If it is not possible to incorporate real workloads, synthetic workload generators can be used. It is important to generate a workload pattern that is representative of the real workload and preserves the characteristics of real workloads such as I/O types – read or writes, I/O size and different types of dependencies. Ensure that data is processed, or at least accessed multiple times mimicking real application behaviour.
The most common dependencies are data dependency and inter-process dependency. These are not limited to a specific application and can exits in both complex multi tiered systems or single application landscapes. Data dependency occurs if the output of a previous data request is the input of the current data request. Interprocess dependencies are usually derived from data dependencies and are expressed in which order operations should be performed. And it’s primarily the lack of dependency simulation that distinguishes synthetic workload testing from realistic application workload testing. Real applications can generate spikey workloads, but in general they do not burst I/O 24/7, there are processes that require time to complete their work.

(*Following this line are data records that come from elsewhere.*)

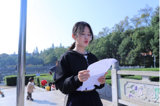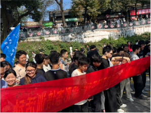 宣讲结束后,登山活动正式启动。同学们从云麓山庄出发,沿着“中南小团子”微信小程序规划的安全路线,途经半山腰小亭子、长沙会战碑等打卡点,最终抵达岳麓山电视塔。各打卡点设置了特色打卡姿势,从“攀登起步”的握拳高举,到“步步登高”的阶梯式站位,再到终点“胜利”手势的集体呐喊,每一个环节都凝聚着团队协作的力量。
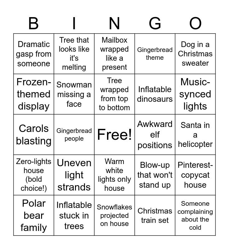 This bingo card has a free space and 105 words: Giant inflatable Santa, House that gave up halfway, Dog in a Christmas sweater, Reindeer pulling a sleigh, Someone yelling “SLOW DOWN!”, Griswold-level house, Blue lights everywhere, Animated LED snowflakes, Baby Yoda/Grogu décor, Someone sings along loudly, Candy cane driveway, Grinch stealing lights, House blasting music, Tree only decorated on one side, Inflatable Minions, Awkwardly placed inflatable, Mailbox wrapped like a present, Random penguin, Homemade wooden décor, Driveway blocked by lookers, Snowman family, “Ditto →” sign, Someone says “This one’s my favorite!”, Inflatable reindeer too big for yard, Nativity scene, Uneven light strands, Music-synced lights, Gingerbread theme, House outlined in one color, Someone misidentifies décor, Blow-up that won't stand up, Christmas train set, Snowglobes or light-up spheres, Overly aggressive holiday sign, Blinking lights that feel personal, Someone narrating the tour, Car honks due to stopping too long, Elf décor, Tree wrapped from top to bottom, Inflatable stuck in trees, Yard that looks like Hobby Lobby exploded, Zero-lights house (bold choice!), Santa stuck in a chimney, Frozen-themed display, House that is too bright, Dramatic gasp from someone, Oversized candy canes, Someone complaining about the cold, Rudolph sighting, Blow-up archway, Mismatched color lights, Holiday projector lights, Someone taking photos in the street, Nativity with extra random animals, Santa climbing a ladder, Mickey or Minnie holiday décor, Decoration that makes no sense, Blow-up Grinch, Light-up penguins, Warm white lights only house, Santa in a helicopter, “Electric bill” comment, Present light boxes, Oversized wreath, Candy cane walkway, Confusing theme house, Christmas unicorn, Tree that looks like it's melting, Carols blasting, Gingerbread people, Snowflakes projected on house, Santa on a motorcycle, Candy cane missing its top, Group member shivering, Winter gnome, Only one string of lights house, Inflatable sideways or collapsed, Someone says “That's extra”, Polar bear family, Photo-op backdrop, Maze-like yard décor, Garage door display, Icicle lights, Snowman missing a face, Inflatable that's way too tall, Awkward elf positions, Perfectly symmetrical yard, Lights wrapped around a random object, Glitter-shedding wreath, Rudolph with fading nose, Tiny inflatables, Fully wrapped tree, Santa waving, Multicolor light chaos, Pinterest-copycat house, Someone quoting Elf, Driveway light tunnel, One sad wreath house, Inflatable dinosaurs, Metallic tinsel décor, Flickering strand of lights, Star on the roof, Face-planted inflatable, Santa and the Grinch together and Mailbox covered in lights.
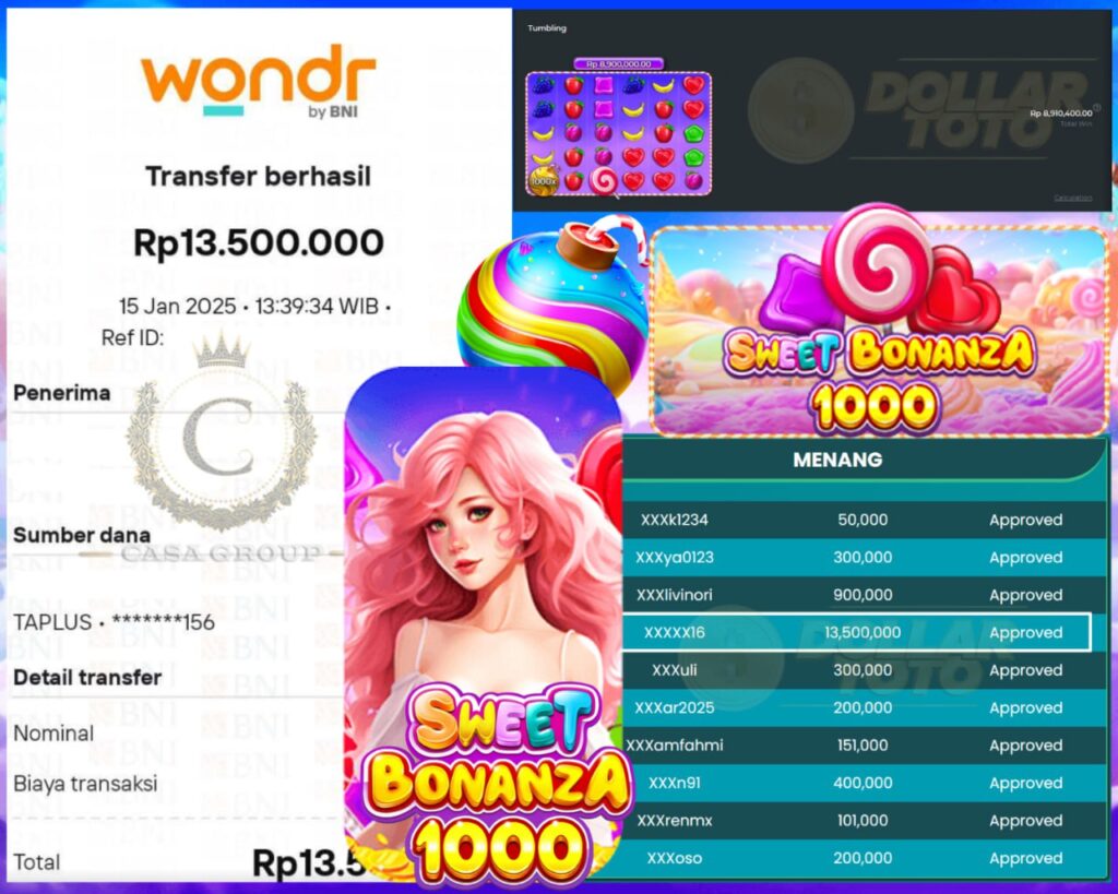 Selamat kepada member DOLLARTOTO user id XXXXX16 yang telah mendapatkan kemenangan besar di game PRAGMATIC PLAY >> SWEET BONANZA 1000.

Another popular way to simulate application performance is to use trace replays. A trace replay is recorded real-world workload which can be “replayed” in the virtual infrastructure by a replayer application. A popular trace tool for vSphere environments is vSCSIstats. vSCSIstats is a command line tool available at the ESXi command line. VMware I/O analyzer can be used to replay vSCSIstats trace files and is available at VMware.com. However caution needs to be taken as vSCSIstats is a heavy duty operation and the inter-process and inter-traffic dependencies won’t necessary be captured as vSCSIStats trace collection work on individual disks.
Don't use the pre-build workload patterns
It can be time-consuming and difficult setting up an environment that closely resembles the production environment or gathering accurate workload traces from production runs can be difficult. Synthetic workload generators such as IOrate, FIO and Iometer provide an easy and quick way to determine the measure the performance of a storage solution.
The typical workload generator issues I/O, but do not process the requested data in any shape or form. Fundamentally the pre-build workload patterns only saturate the queues and connections to determine the maximum of IOPS, latency and throughput. Without really measuring what is important to the end user – time to complete their work (transactions, web request etc.,) This "bandwidth" test is not providing you viable results.
Take your time to investigate how your applications are behaving, determine which block sizes the application operates with and what I/O type ratio the application is using.To properly test your storage acceleration platform, you need to change your default test patterns so that the application reads the same data multiple times. This approaches a real life scenario more due to existence of data dependencies or read after write (RAW) processes. In addition, size the dataset correctly in order to have it served from disk instead of the cache of the storage controller. If you want to simulate real life performance, you cannot expect to have all your data of all your applications present in the storage array controller cache.